Historically, surgical dockets averaged post-operative discharges of 10 to 15 narcotic pills. Under the new pledge protocols, that clinical baseline has been slashed.

“Most of us have reduced that now down to between five and 10,” Hobby noted. “The amount that the patients are taking is 2.5 pills on average. And the majority of patients are actually not taking any.”

Hobby frames the initiative as a natural integration with existing advancements, including minimally invasive robotic surgeries and multi-modal pain strategies. To manage patient expectations, she leverages regional statistics.

“Shockingly, Arkansas has one of the highest rates of opioids per person in the nation, and of the counties of Arkansas, Craighead County and Baxter County have the highest rate,” Hobby said. “Somewhere around 20 to 30% of people who do get hooked on narcotic pain medications acquire their first introduction at the time of surgery.”
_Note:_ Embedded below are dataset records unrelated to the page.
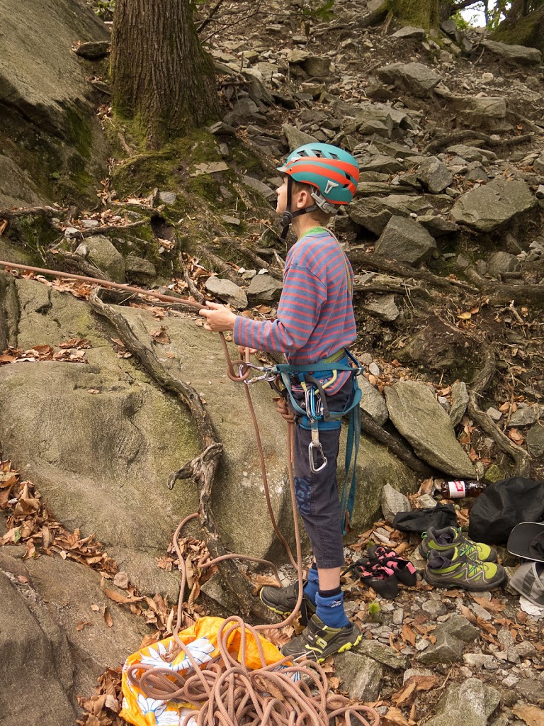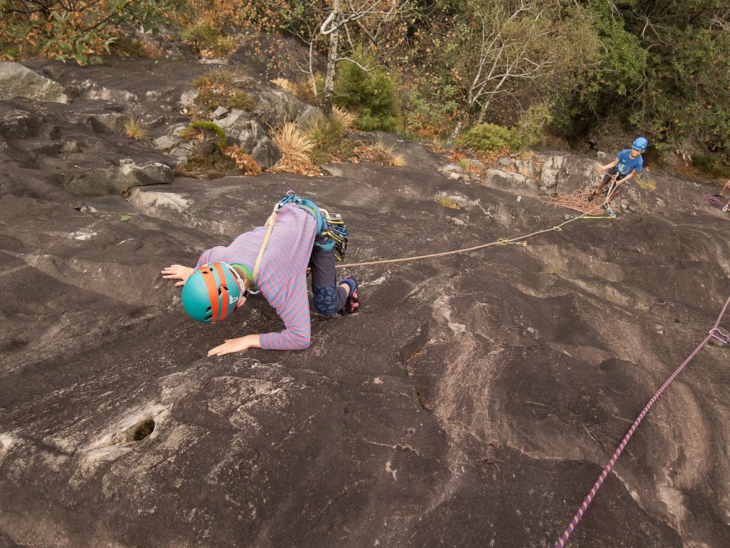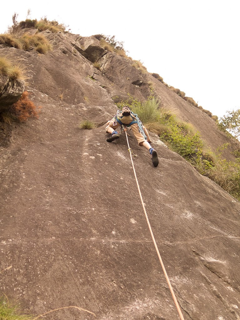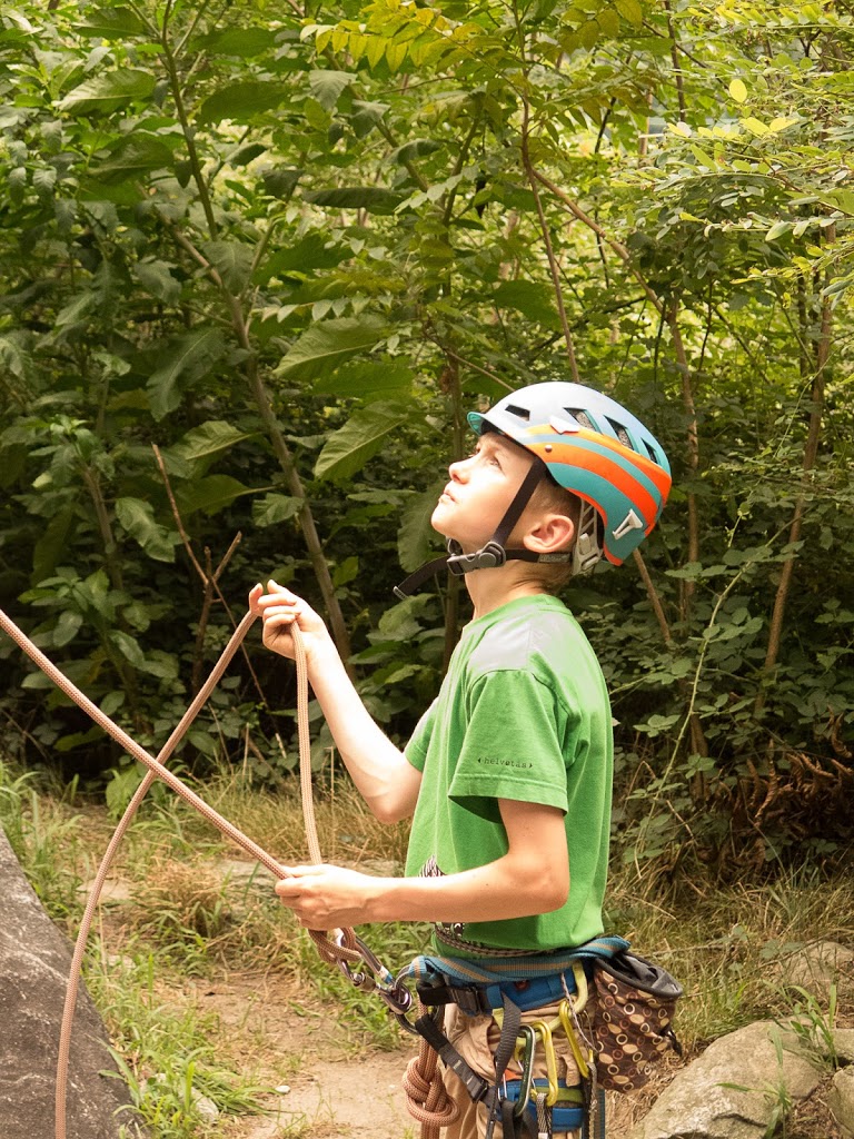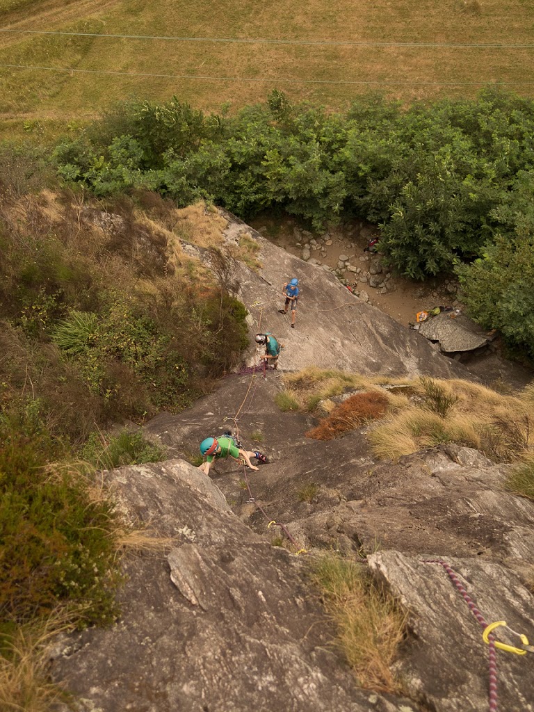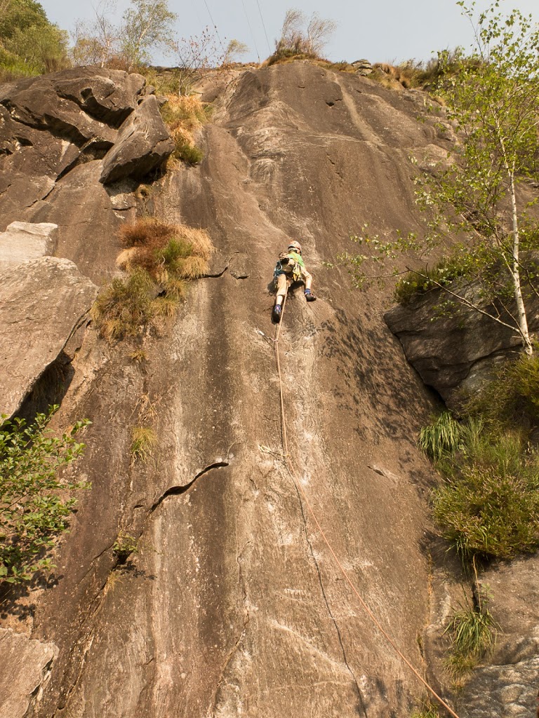 Das nächste Klettergebiet, das wir aufsuchen, ist Torbeccio bei Avegno. Wir überqueren eine Hängebrücke und eine Wiese und erreichen so ziemlich bequem die Felsen. Und wir sind alleine. Es gibt auch hier gut abgesicherte Routen für Anfänger. Sofort klettert Fabian los, muss dann allerdings umkehren. Silvan schafft die Route, ich auch. „SILVAN!“ „???“ „Bist du verrückt, eine solche Route zu klettern?“ Rieeeeeesensmile im Gesicht! Wir klettern noch zwei, drei Routen, bevor wir eine Zweiseillängenroute klettern in den bewährten Seilschaften, denn die Kinder wollen abseilen. Dies machen wir denn auch, und das unter erschwerten Bedingungen, kommt doch heftiger Wind auf.
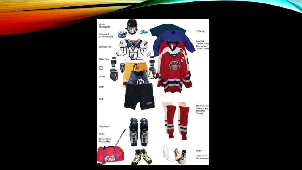 ЭКИПИРОВКА Экипировку полевого игрока составляют: клюшка, коньки, шлем, нагрудник, который защищает грудную клетку, позвоночник и плечи хоккеиста, налокотники, раковина, предназначенная для защиты паховой области от ударов шайбы и других травм, хоккейные шорты со специальными уплотнителями, предотвращающие травмы при падениях, столкновениях и ударах шайбы, защитные перчатки (краги), щитки, закрывающие колено и голень хоккеиста, и свитер, надеваемый поверх нагрудника. • Экипировка вратаря состоит из всех вышеописанных элементов, специальной вратарской маски и ловушки — перчатки, специально сконструированной для ловли шайбы, а также щитков для отражения бросков. • Клюшки изготовлены из дерева или другого материала, например, алюминия или пластика. • Шайба диаметром 7. 62 см должна быть изготовлена из вулканизированной резины или другого одобренного Международной федерацией хоккея на льду материала и быть, в основном, черного цвета
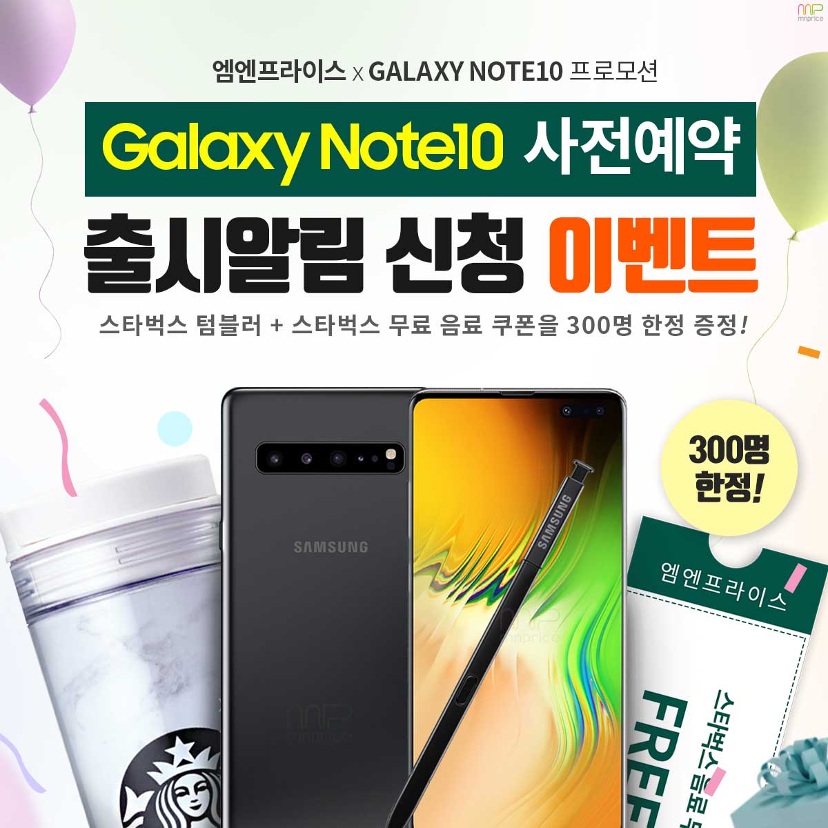 엠엔프라이스 X GALAXY NOTE10 프로모션을 빠르게 만나보는 방법 엠엔프라이스(mnprice.com) 사전예약 출시 알림 신청시 스타벅스 텀블러와 음료쿠폰을 쏩니다. ■ 갤럭시노트10 5G 사전예약 출시 증정/지원 혜택 - 25% 즉시결제 할인 + 22개월 무이자 혜택 (선착순 100명) - 엠엔프라이스만의 더 특별한 사은품 혜택 (추후 공개) - 제조사. 통신사 특별 증정 사은품 (추후 공개) - IPTV+인터넷 바꾸면 최대 40만원 +@ 혜택
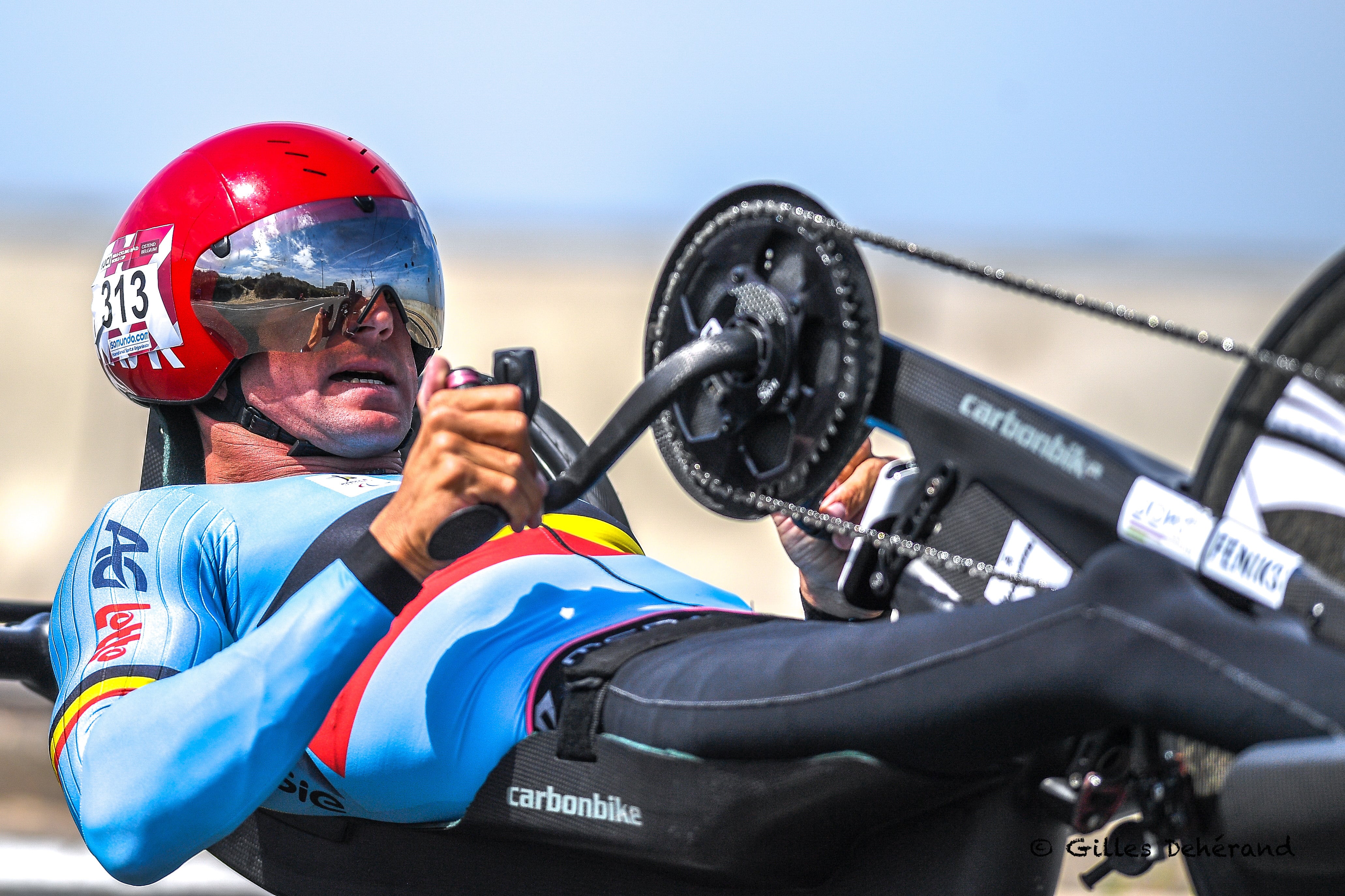 Ewoud Vromant, en action ce vendredi après-midi, s’est lui aussi adjugé la médaille d’argent (MC2). Après le premier tour, le champion du monde en titre comptait une dizaine de secondes sur le français Alexandre Leauté. Il réussissait à en reprendre plusieurs dans le second tour, mais passe à côté de l’or pour 2,5 secondes sur la ligne d’arrivée. Il bouclait les 21 kilomètres en 26 :56,324, soit une moyenne de 46,77 km/h.
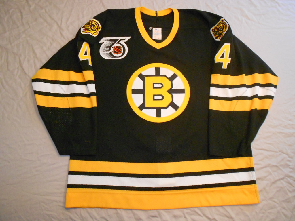 Old School Bruins jersey with the 75th patch tagged size 50 in collar. Front has a few material abrasions above crest and some loos threads on a somewhat puckering crest with a few light stickmarks on lower hem area. Both sleeves show nice wear with the left sleeve having two team repairs and the right sleeve three team repairs. Back of jersey has some loose threads on the numbers and the fightstrap is still intact. A nice vintage gamer...!
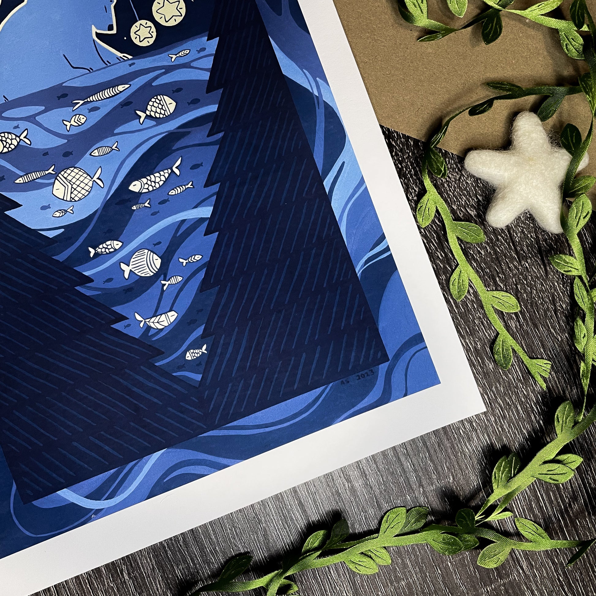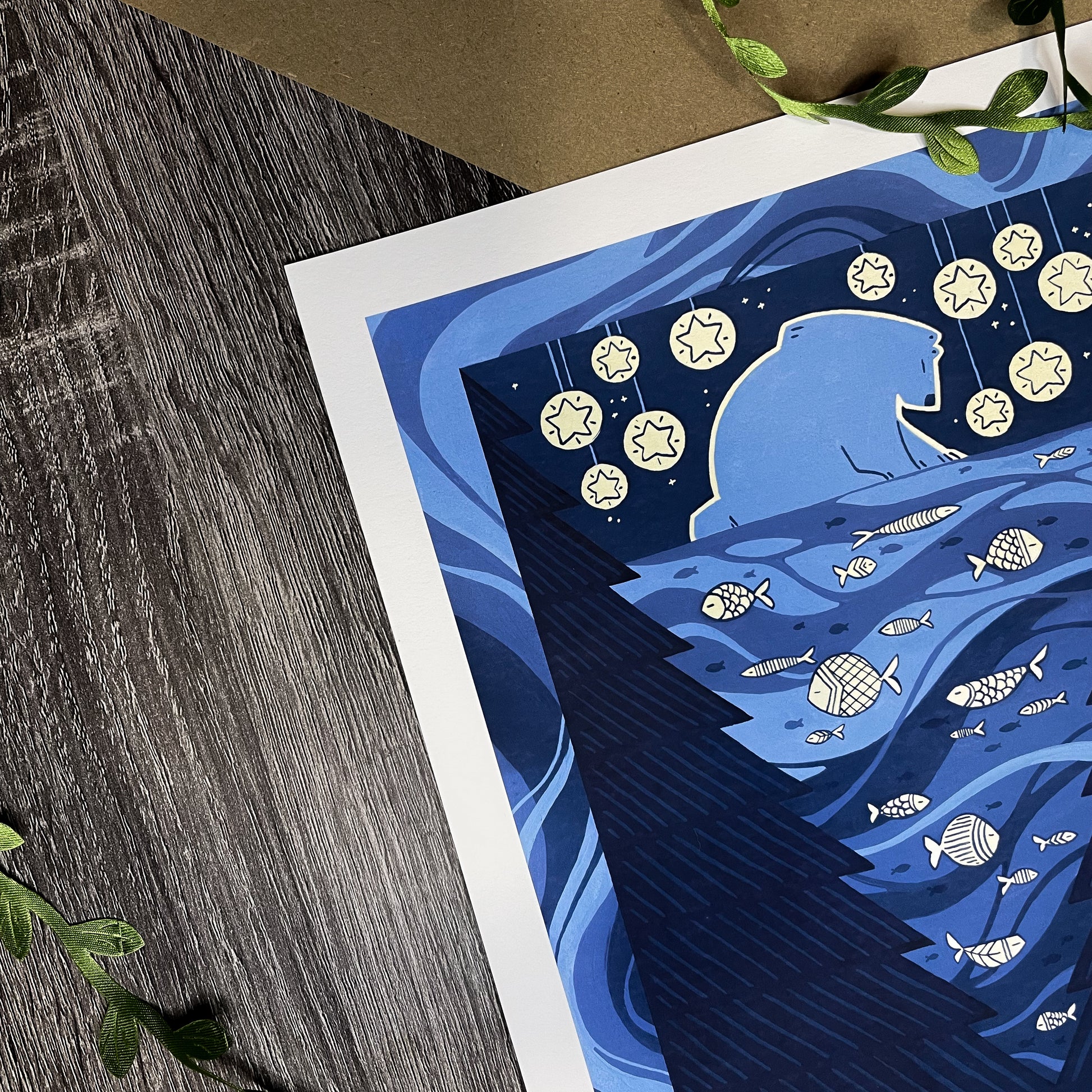 A bear stares down into a pool of starry fish, contemplating. Print is available in two sizes, 8x10 inch and 11x14 inch.
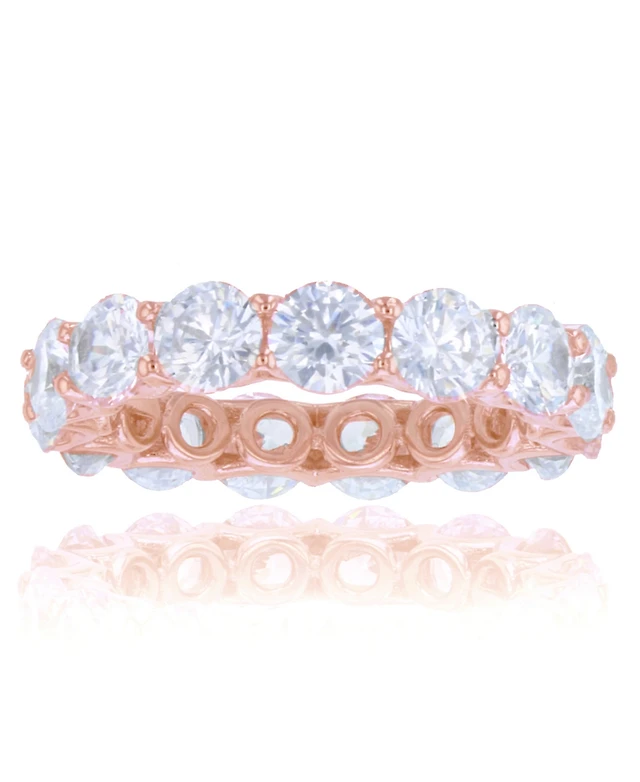White Cubic Zirconias Eternity Band 14k Rose Gold Plated Sterling Silver
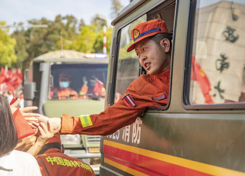8月28日,在重庆市北碚区,参与山火扑救的云南森林消防队员在完成任务撤离时与群众握手道别。新华社记者 黄伟 摄
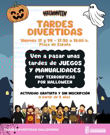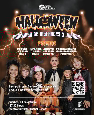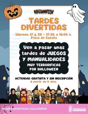 Prepara tu calendario y tu mejor disfraz. El Ayuntamiento de Navalagamella ha preparado una programación especial para celebrar Halloween 2025. Una semana repleta de actividades espeluznantes para todas las edades que culminará con el gran Concurso de Disfraces y una Noche de Cine de Terror.

To safely navigate home recovery, St. Bernards uses a non-opioid protocol combining anti-inflammatories, nerve blockers, and acetaminophen. Central to this is Goldfinch Health’s “Nurse Navigator” system, tracking patients post-discharge.

“That nurse navigator talks the patient through everything in the kit and then gives them a call on the back end,” Hobby emphasized. “We’ve seen that the nurse navigator reassures patients and intervenes on some things that have helped their post-operative period aside from the narcotics.”

| READ MORE: Billion Pill Pledge Initiative Brings Opioid Settlement Dollars to Craighead County

Concurrently, NEA Baptist implemented the “Billion Pill Pledge”, matching regional reduction strategies with its own ERAS surgical standards.

“The transition was not really anything new to us,” said Stephanie Taylor, associate administrator at NEA Baptist. “The approach and the principles that this company, Goldfinch, is using aligned with something we had already been working on.”

Like St. Bernards, NEA Baptist counteracts patient expectation for opioids through a multi-layered education pipeline. Doctors initiate the non-opioid dialogue during consultations, reinforced by pre-admission coordinators.

“You initially have the physician conversation with the patient learning and talking through and setting those expectations,” Taylor explained. “Then, we have a secondary clinical person who continues that conversation … It is reinforced at that point.”

Once discharged, integrated transitional care teams and case managers monitor post-operative progress to ensure pain is managed effectively.

However, Taylor notes true long-term success requires breaking down one persistent bottleneck: the communication data deficit between health systems. While state-level logs exist, the region lacks an automatic, real-time data network to track medication histories seamlessly.

“That closed-loop communication between the medical systems is probably an opportunity so that we would be able to track a patient’s prescribing medication management and prescription logs,” Taylor said. “The state does have something in place. It’s just making sure that everybody takes the time to go and do that, and then really connecting the dots.”